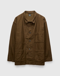 Linen Moleskin Simple Work Jacket in Coffee Brown
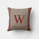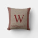 Rustic Farmhouse Ticking Stripe Burlap Monogram Throw Pillow
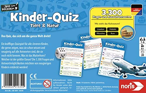 - Box contents: 110 quiz cards printed on both sides with questions and selection answers, 1 dice and detailed game rules
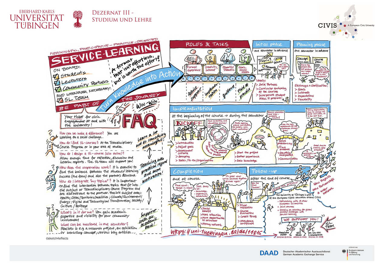 Students, lecturers and community partners contribute to Service-Learning courses on an equal footing. This enables them to put what is learned into practice, reflect on research and address socially-relevant issues – bringing added value to everyone involved.As part of the CIVIS project, our Service-Learning courses gain an international dimension.
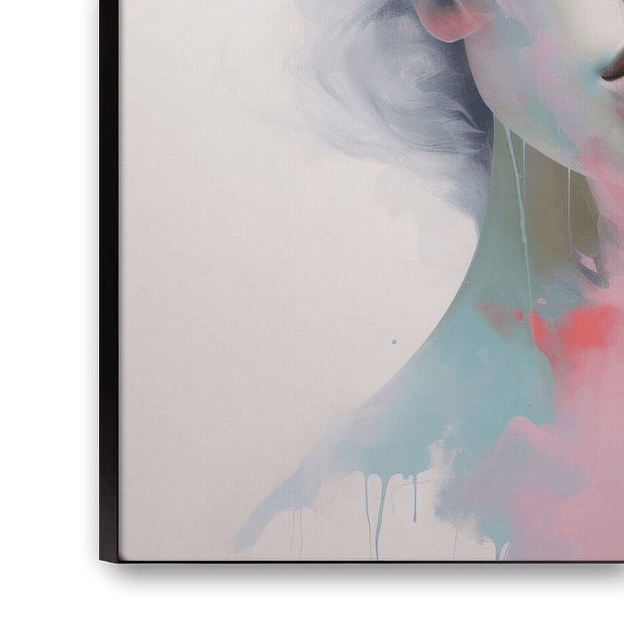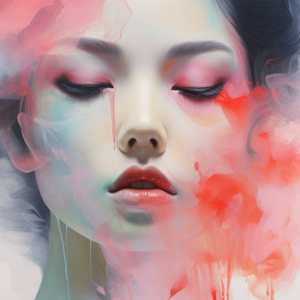"Veil of Dreams" is an intriguing work of art that embodies the ethereal nature of dreams and the ephemerality of beauty. The female portrait, with eyes closed and a soft expression, seems to sink into a haze of pink and white smoke, symbolic of the mysterious world of dreams. The paint droplets that seem to drip off the canvas add a raw, unpolished dimension to the work, creating an interesting contrast between the refined beauty of the subject and the rampant chaos of the surroundings. This piece would be a serene yet provocative addition to any space, ideal for an environment that values both tranquillity and artistic depth.
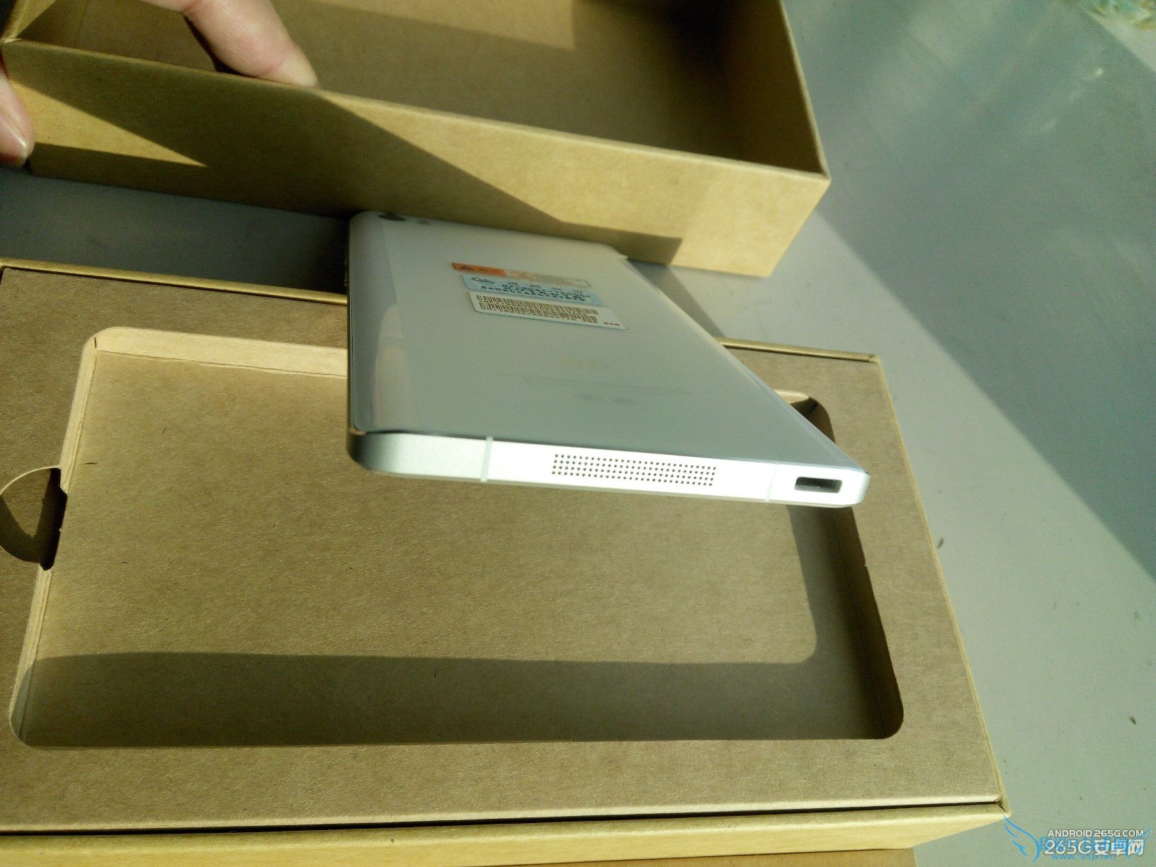 顶部,天线设计有些IPhone风格,边框精细度比米4有过无不及。
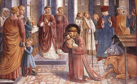 Al rededor de un pesebre, con la figura del Niño Jesús, moldeado por las manos de San Francisco, se cantaron alabanzas al «misterio del Nacimiento»; en el momento más solemne de la misa, según la tradición, aquella figura inmóvil adquirió vida, sonrió y extendió sus brazos hacia el Santo de Asís.
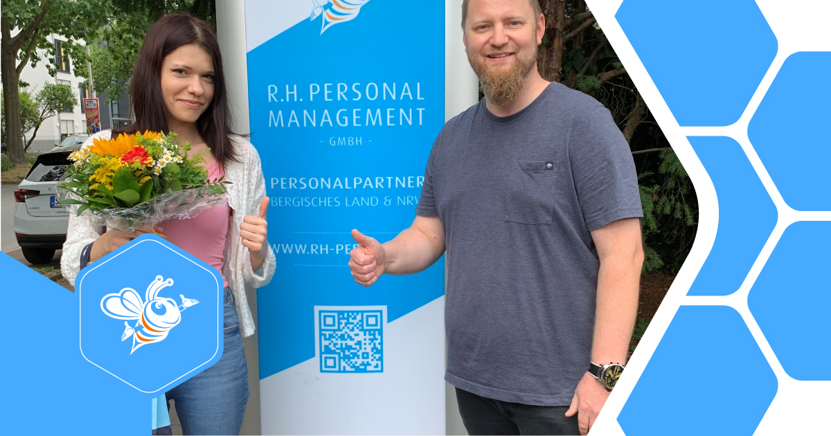 Wir freuen uns weiterhin mit Frau Niezgoda, die zum 01.08.2023 vom Kunden übernommen wurde. Wir wünschen unserer (ehemaligen :) Kollegin einen guten Start im neuen Beschäftigungsverhältnis und persönlich Alles Gute!
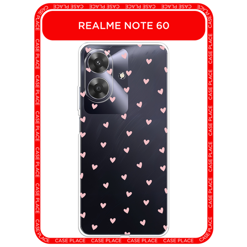 Чехол на Realme Note 60/60X / Реалми Нот 60/60X с принтом Розовые сердечки паттерн, прозрачный
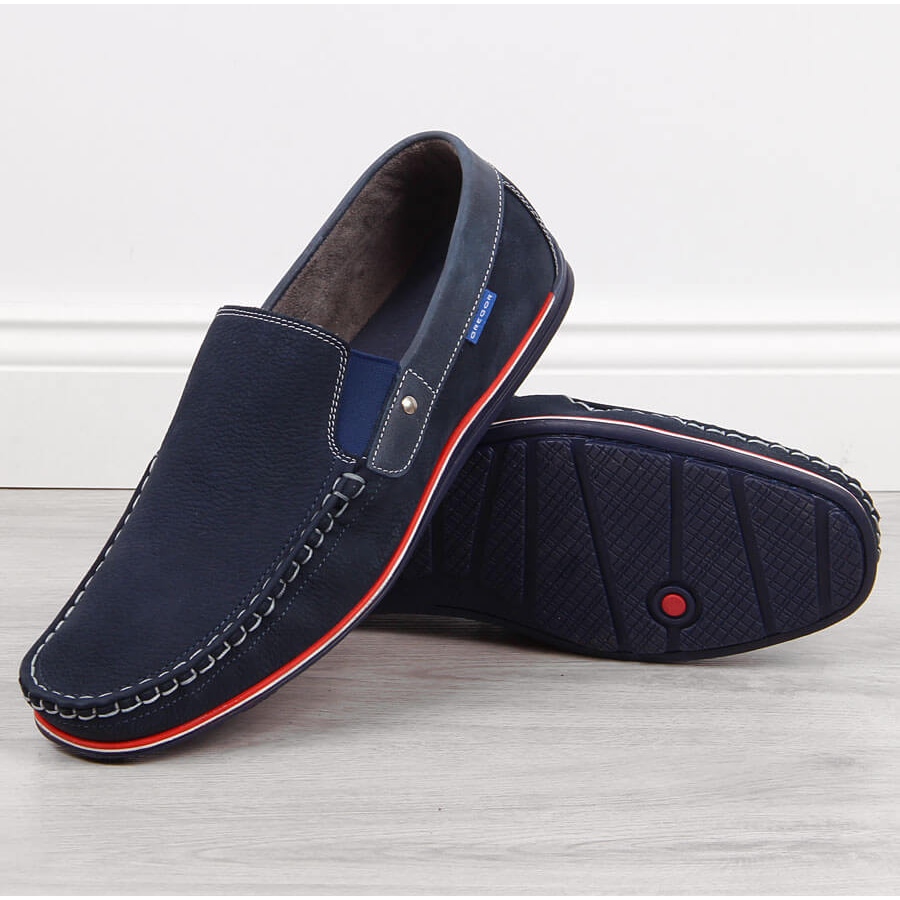 Gregor Pánské kožené mokasíny slip on tmavě modré Gregor námořnická modrá
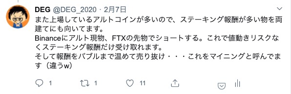 専門的な話になりますが、アルトコインを両建てして低リスクで利回りを稼ぐことができます。例えばCosmosのATOMというアルトコインはバイナンスに預けておくと年間6~9%の利回りです。
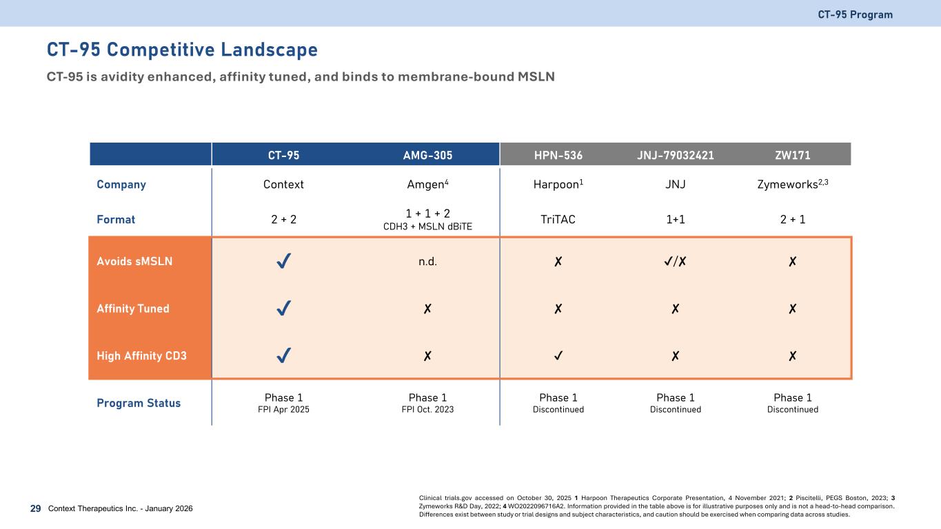 CT-95 Phase 1a/b Study An open-label, multi-center, dose escalation / expansion, safety, and PK study (NCT06756035) CT-95 Program 28 Context Therapeutics Inc. - January 2026 Trial status information provided as of January 5, 2026 0.3 µg/kg 0.18  0.6 µg/kg 0.27  0.9 µg/kg 0.36  1.2 µg/kg 0.48  1.6 µg/kg 0.6  2.0 µg/kg 0.6  TBD µg/kg Cohort 1 Cohort 2 Cohort 3 Cohort 4 Cohort 5 Cohort 6 Cohort 7 Cohort 8 EC50 ≈ 0.9 µg/kg 0.1 µg/kg MABEL Dose Completed (n=1) Completed (n=4) Phase 1a Dose EscalationBiomarker stratification • Ovarian, pancreatic, and mesothelioma do not require prospective screening • All other indications require prospective MSLN screening via IHC (≥10% 1+ staining) Trial objectives • Assess safety and tolerability at increasing dose levels • Pharmacokinetic and pharmacodynamic data • Evaluate preliminary anti-tumor activity Dosing and Administration • Weekly IV infusion • Single step dose • Pretreat patients with 10 mg dexamethasone 1 hour prior to C1D1 and C1D8 doses Enrolling (n≥3) Completed (n=3)
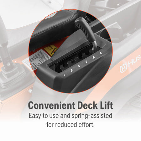 Compact and Easy to Store: Features a chute-up width of 50 inches and a convenient deck lift for quick adjustments.

- - -

Task prompt: Output only the lines above from the line that holds "Al rededor de" through the line that holds "専門的な話になりますが、アル", both ends included, and exclude pictures.

Expected output:
 Al rededor de un pesebre, con la figura del Niño Jesús, moldeado por las manos de San Francisco, se cantaron alabanzas al «misterio del Nacimiento»; en el momento más solemne de la misa, según la tradición, aquella figura inmóvil adquirió vida, sonrió y extendió sus brazos hacia el Santo de Asís.
 Wir freuen uns weiterhin mit Frau Niezgoda, die zum 01.08.2023 vom Kunden übernommen wurde. Wir wünschen unserer (ehemaligen :) Kollegin einen guten Start im neuen Beschäftigungsverhältnis und persönlich Alles Gute!
 Чехол на Realme Note 60/60X / Реалми Нот 60/60X с принтом Розовые сердечки паттерн, прозрачный
 Gregor Pánské kožené mokasíny slip on tmavě modré Gregor námořnická modrá
 専門的な話になりますが、アルトコインを両建てして低リスクで利回りを稼ぐことができます。例えばCosmosのATOMというアルトコインはバイナンスに預けておくと年間6~9%の利回りです。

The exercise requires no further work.